Most people wouldn't describe large mature mbuna as "sweathearts". Even less aggressive species like electric yellows and rusties are aggressive fish when compared to many cichlids. And from my reading, and what I have seen over the years, many people consider maingano as one of the more aggressive mbuna. Some mbuna are called "peaceful" only when they are being compared to the real aggressives like auratus, kenyi and crabro.
Anyways, another possibility if one is considering dwarf size and mbuna, could be saulosi. They are generally considered to be less aggressive then demasoni. I have no personal experience with this fish.


----------



## RunningBeaver (Mar 30, 2018)

I appreciate the help so far! I'll have to run to my Lfs Tuesday and see which if any of these fish they would be able to get a hold of (would rather not have to order online if I could help it). 
How would you all usually go about stocking these fish. Like if I got some Kribensis how many of those would I go for; a pair, two males, one male/one female or etc. 
ideally I would like a small variety of 2-3 different species so probably no male/female combonations?


----------



## BC in SK (Aug 11, 2012)

RunningBeaver said:


> Like if I got some Kribensis how many of those would I go for; a pair, two males, one male/one female or etc.
> ideally I would like a small variety of 2-3 different species so probably no male/female combonations?

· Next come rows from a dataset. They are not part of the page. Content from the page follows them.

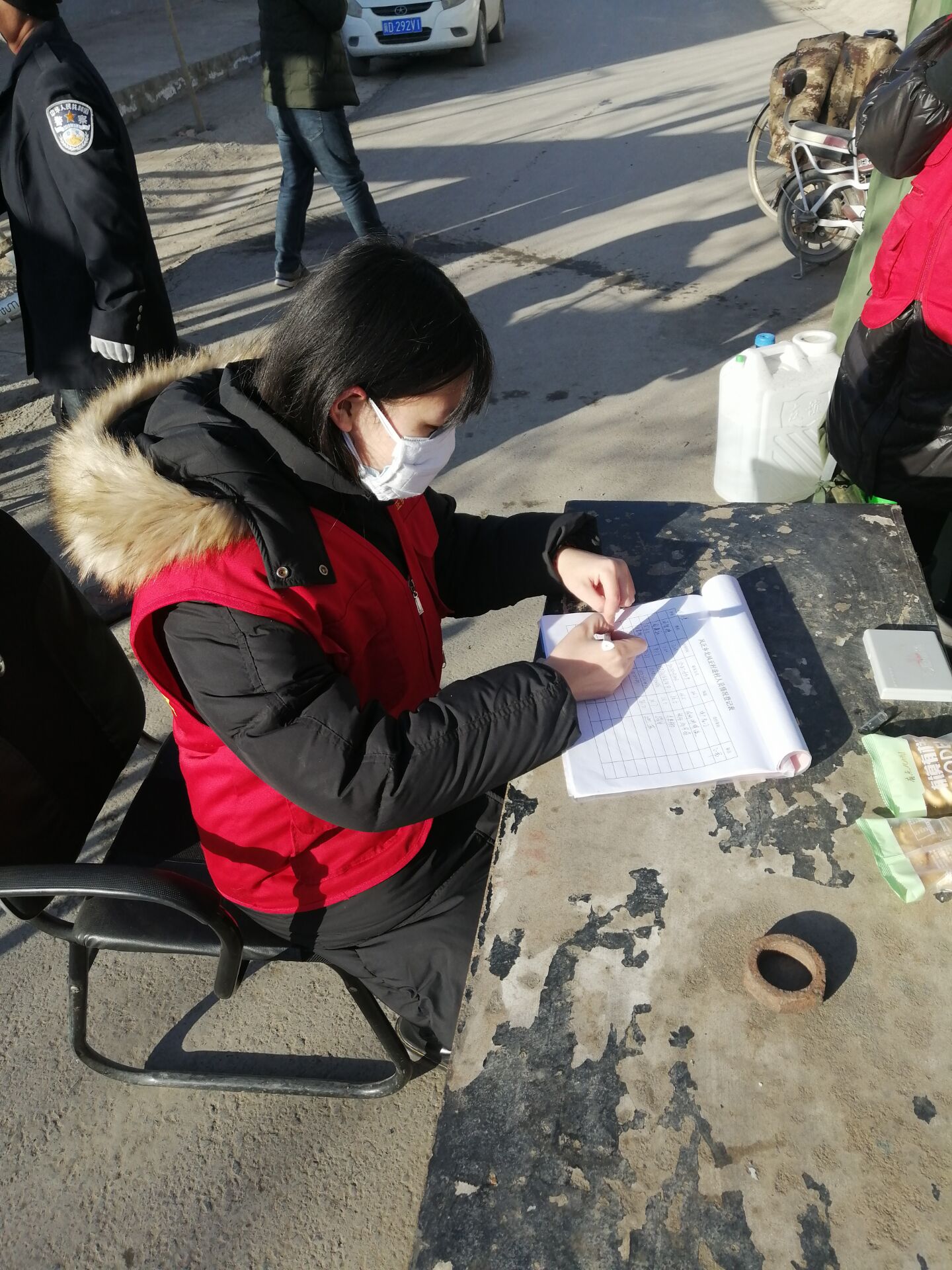 早晨还不到八点钟,刚刚吃过早饭的她就赶到北风正村的卡口处,来接替值夜班的村干部们。看着经历过一整夜一丝不苟地坚守在岗位上的疲惫的长辈们,她的心更加坚起来:一定要做好这份志愿工作,我还年轻,我还能为大家多做点事情!她对过往人员、车辆进行登记,确保每个进村的人都有迹可循;她给人们测量体温并喷洒消毒液,使村内人们的安全得到了保障;她还利用村中的广播给人们讲解防护措施,使村中的每个人都参与到这场“战役”中。在每一个环节中,她都会做得一丝不苟、有条不紊。当她发现有体温超过37.3℃的人,她会立刻向村委会报告。由村委会决定下一步动作。她每天都在村里进行消毒工作,记录来往路人的信息,禁止外人进入,车辆一律不允许通行。在工作前期,她也曾为这些繁琐的工作而感到厌倦和疲惫,但是,当她每次看到新闻上播出的感染人数那惊人的数字时,她决定做一个坚强的女青年,在自己的岗位上坚持到最后。
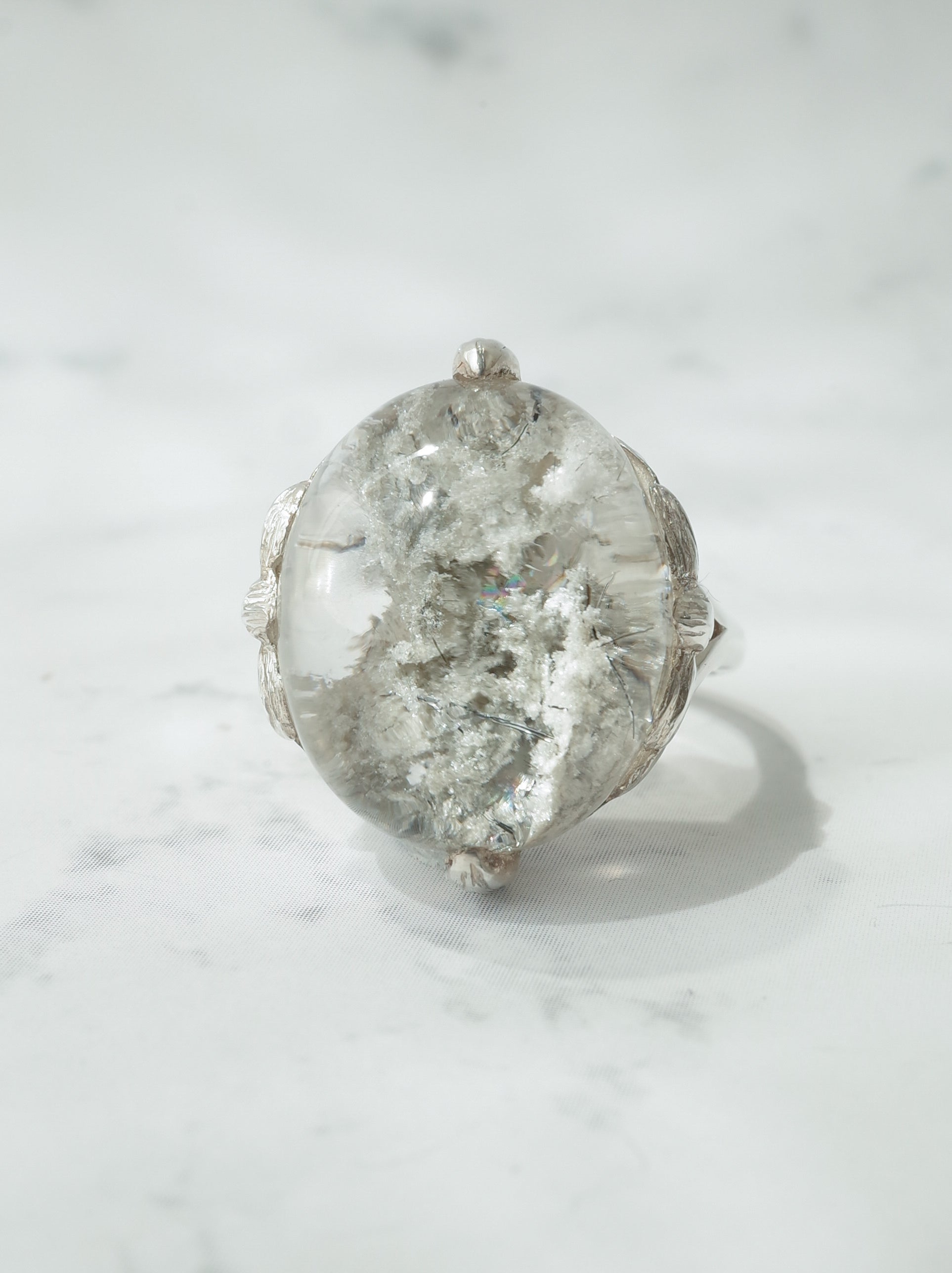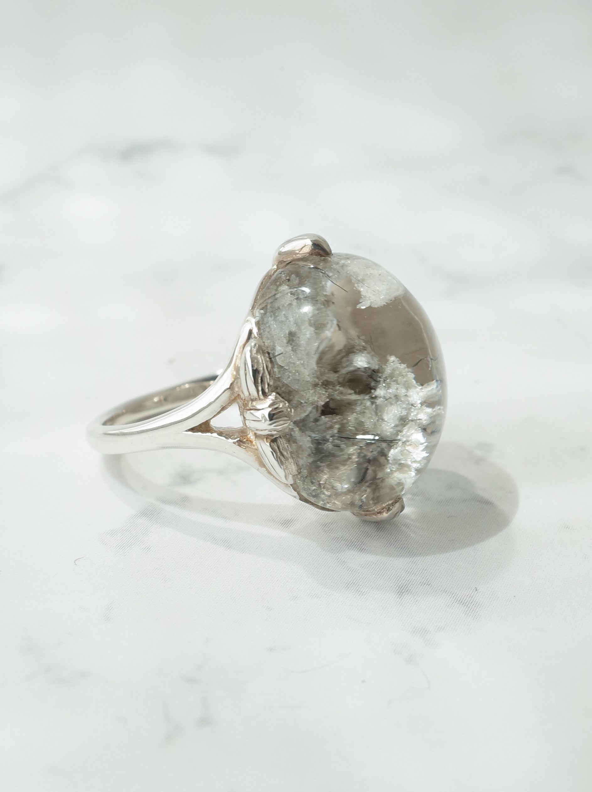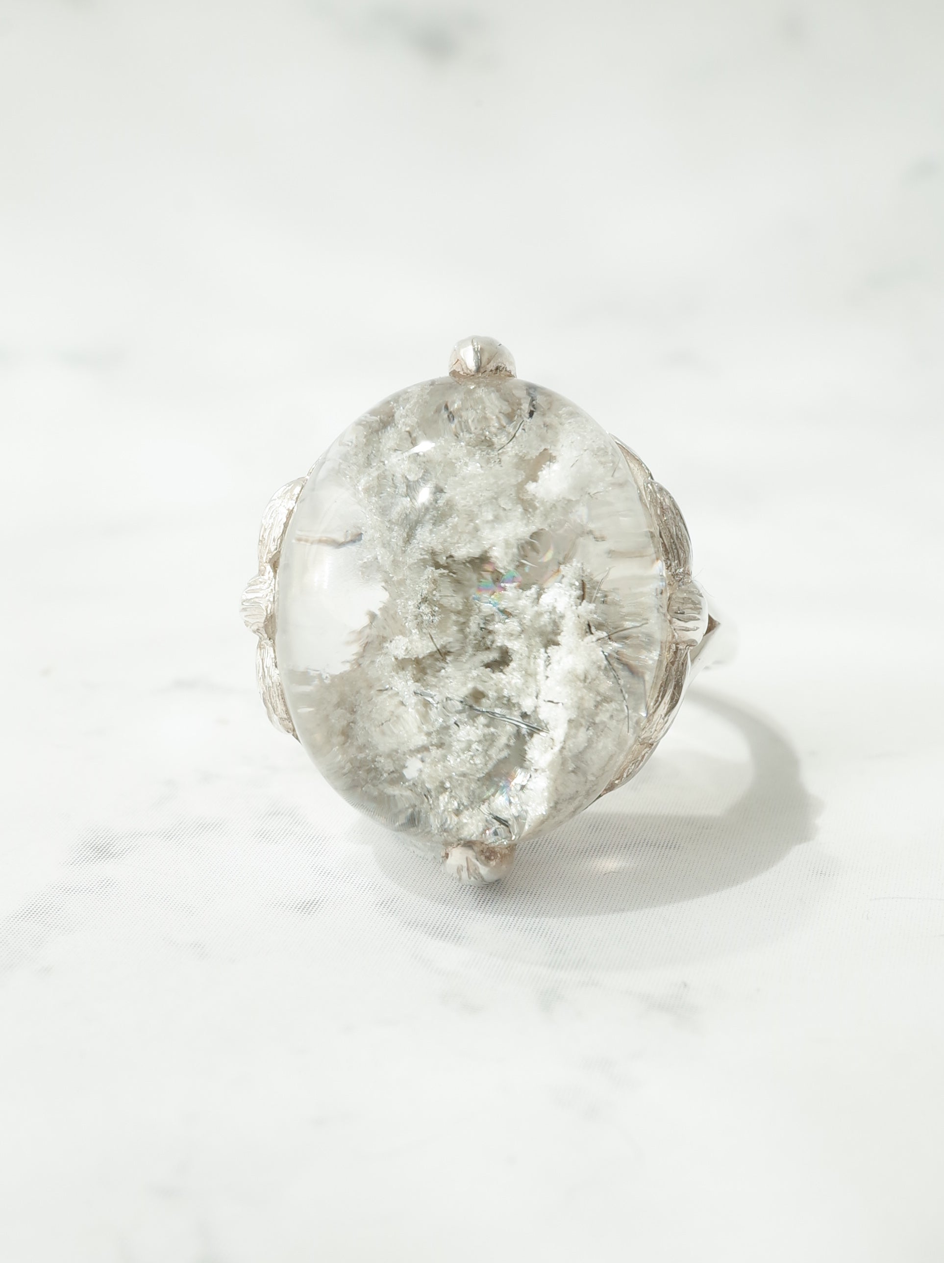 ナチュラルな雰囲気が魅力のガーデンクォーツを、蓮の花のデザインで包んだ「ロータスリング」。石を留める爪の部分が葉っぱの形になっていたり、石の景色をサイドからも楽しめるようになっています。シルバーの経年変化で葉の葉脈の模様がはっきりと出ると、より素敵な雰囲気の指輪になります。
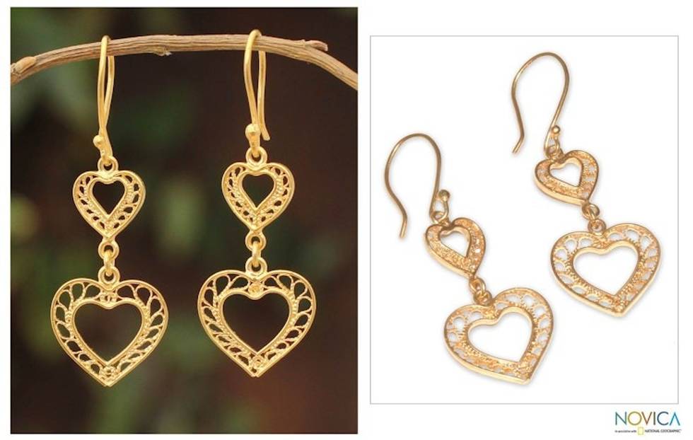 Hand Made Peruvian Gold Vermeil Filigree Earrings 'Our Two Hearts' Item ID: 2671820359
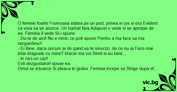 O femeie foarte Frumoasa statea pe un pod, privea in jos si era Evident ca vrea sa se arunce. Un barbat fara Adapost o vede si se apropie de ea. Femeia il vede Si-i spune:
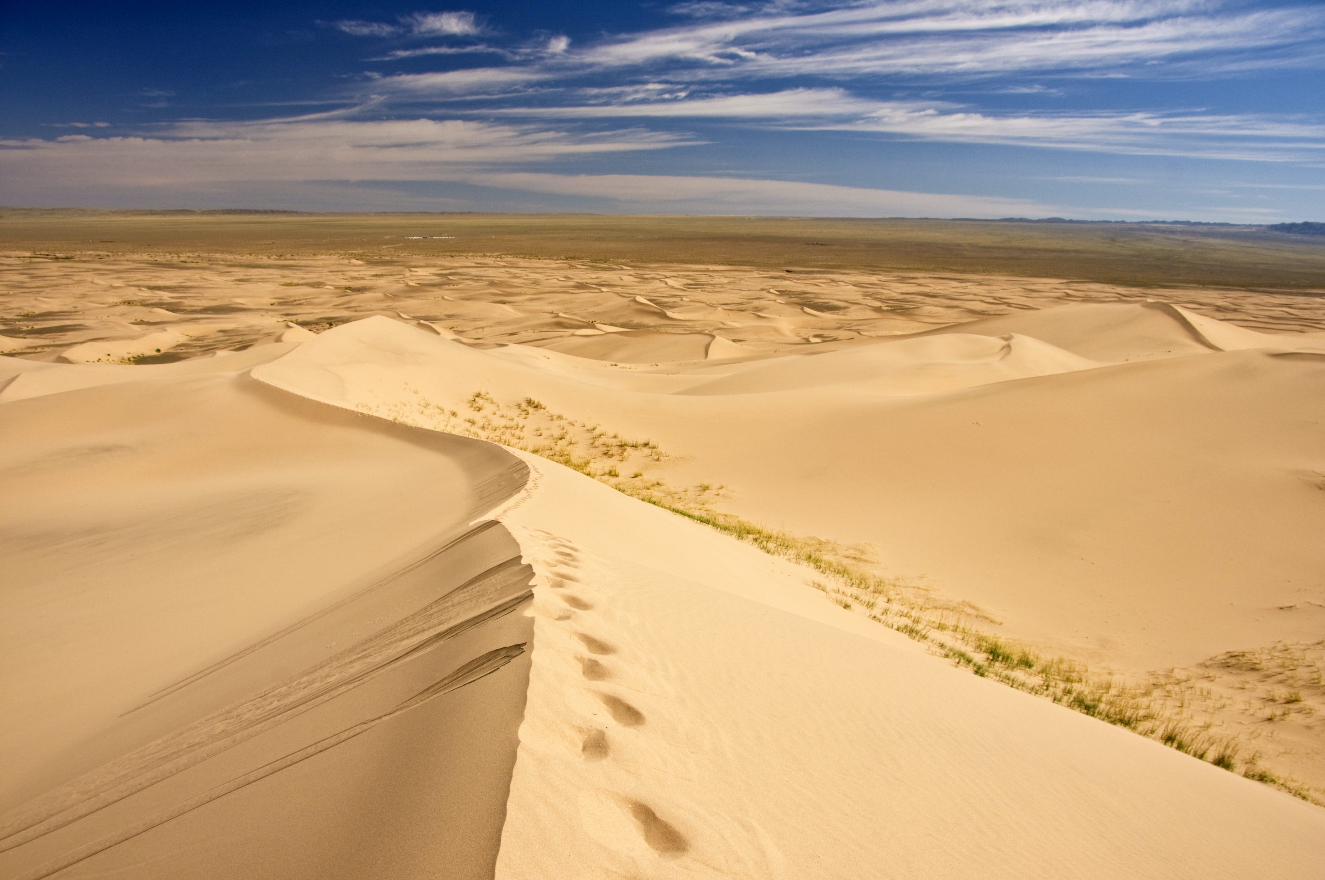 Embark on an adventure to the Khongoryn Els, the breathtaking sand dunes that stretch up to 180 km with heights reaching up to 300 m and widths of 15 km. Take on the challenge of climbing the sand dunes for a once-in-a-lifetime experience as you witness the stunning sunset from the top. Indulge in the traditional Mongolian way of exploring the sand dunes by riding a Bactrian camel, famously known as the "Dinosaur of Gobi". After a day filled with excitement and adventure, retreat to a cozy ger camp for a comfortable overnight stay. (B/L/D)
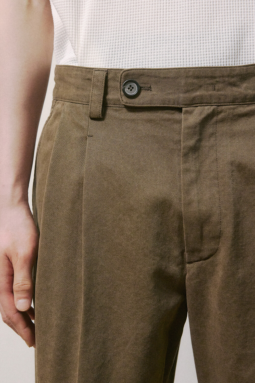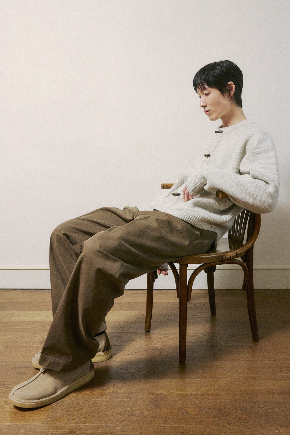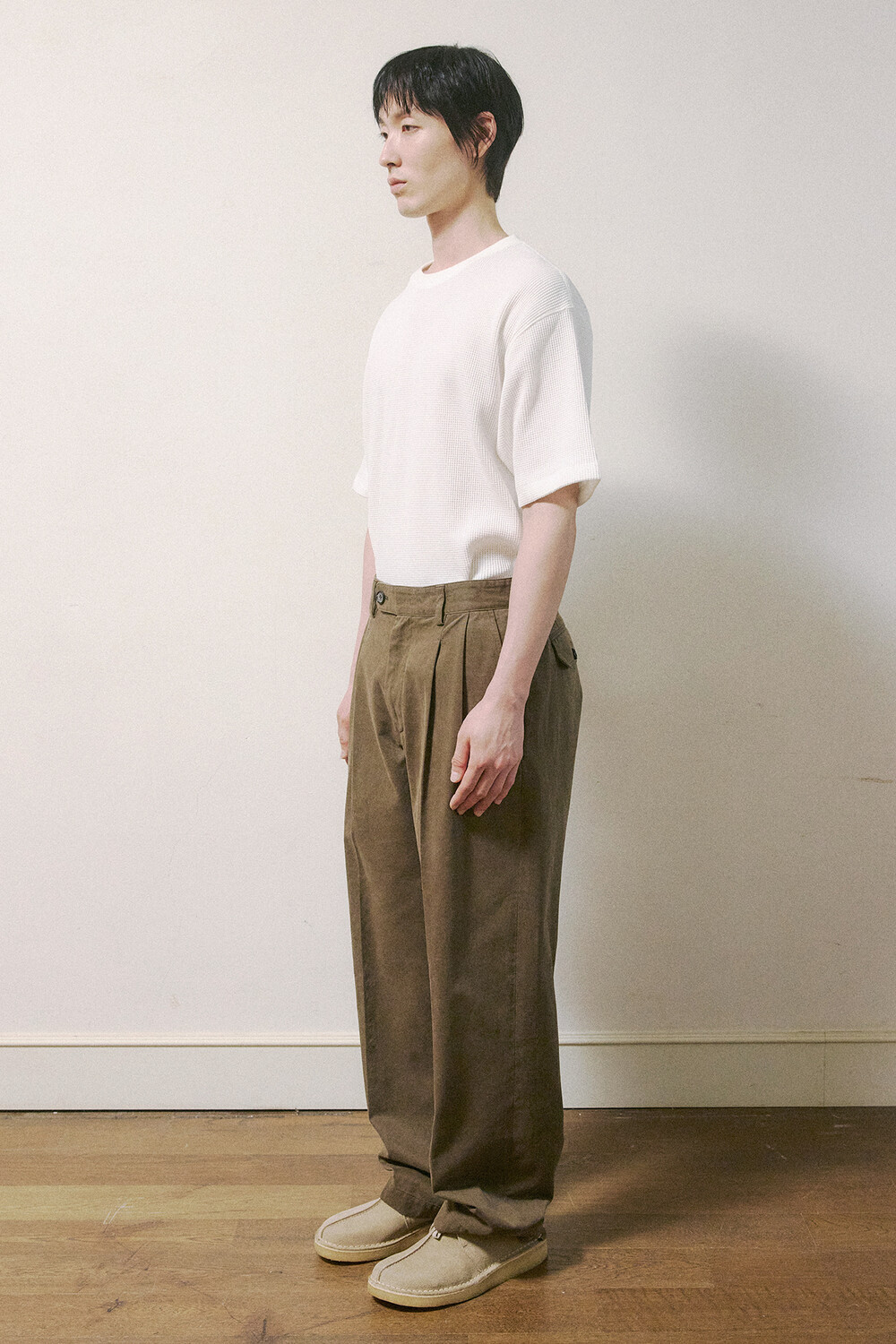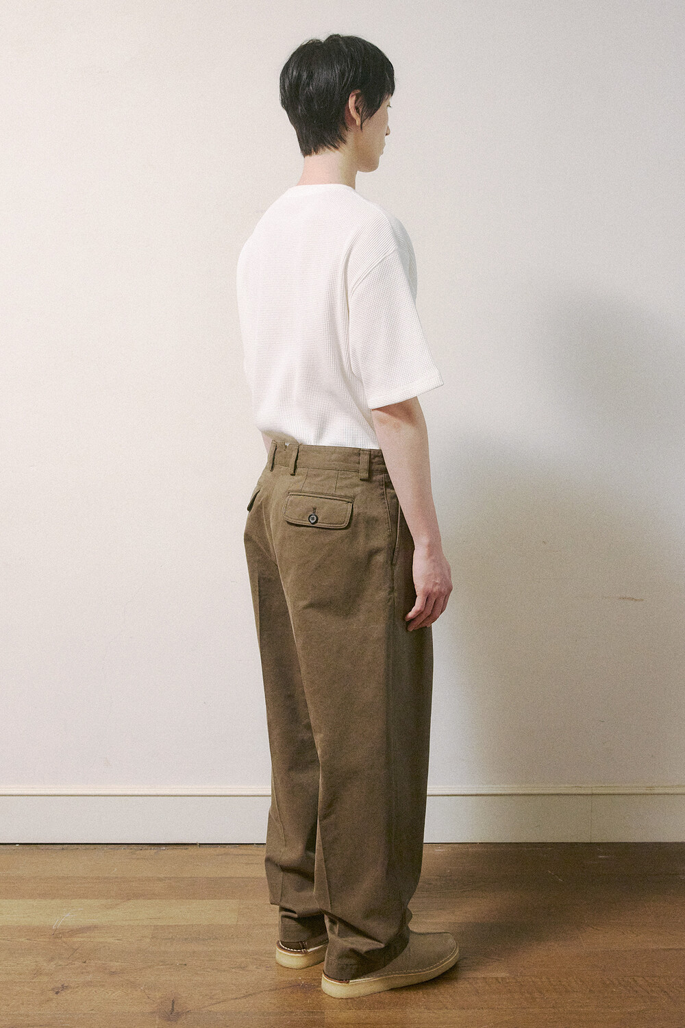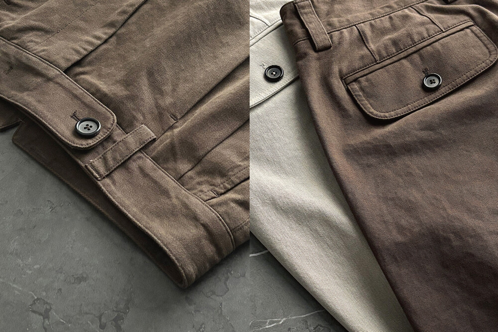컬러에 따라 다른 원단도 선택되었습니다. 세이지 카키 컬러는 아이보리와 베이지 사이의 낮은 채도를 가진 톤을 선택해, 바이오 워싱을 더해 은은하게 바랜 듯한 느낌을 살렸습니다. 다크브라운 컬러는 썰파 염료로 염색한 캐티오닉 코튼을 사용했고, 워싱과 함께 은은한 기모를 더해 부드러운 질감을 완성했습니다. 이처럼 원단과 가공 방식에 변화를 주어 색감과 촉감에서 차이를 만들었고, 착용감과 활용성을 함께 고려해 제작했습니다.

The usual way to end up with a pair is to start with a group of 6 or more. A group spreads out the aggression and allows them at least some choice of partners. Eventually, you may end up having to remove extra males, though it is not inconceivable they would be tolerant for quite some time, or even end up with more then one pair. As well, if given some choice over time, most substrate spawners will end up swapping partners. IME, breeding pairs of kribs are not too demanding of space, though there are always a few instance where people have had them push everything to one side of the tank.
I would think they could be mixed with _Anomalochromis thomasi_ or other dwarf West Africans with out too much friction, though I can't say I personally have. In the past, I generally kept them in grow up tanks with younger fish of much more aggressive species of cichlids. IME, kribs were never too aggressive, but for their size, quite capable of defending themselves. Of course they are small, so as some of the other cichlid got larger the kribs did end up lower in the pecking order.
As far as mixing with cichlids from other continents, I would think most people on this forum are not keen on it. Me, personally, have no real problem with it. As far as dwarf SA, you'd want something that would be able to stand up to the kribs. Not so sure any of the apistos could. Maybe some of the dwarf acaras (??). Never personally tried this, so no real idea how this could turn out.
My approach would be to mix it with some sort of mouth brooder. Which specifically, not so sure. Some type of small, more mellow Victorian type? Egyptian mouth brooder (_Pseudocrenilibrus multicolor_)? IME, substrate spawners are usually much less competitive with a mouth brooder then they are with another rival substrate spawner. IME, the available space is better shared and utilized.
With kribs, you'd have a wide range of choices for schooling dithers and non cichlids. I'm sure many types of tetras could do fine with kribs, though personally my choice would be giant danios as they are tough and hardy. 3-spot/opaline/blue /gold gourami would do fine; other gouramis could be options, as well.


----------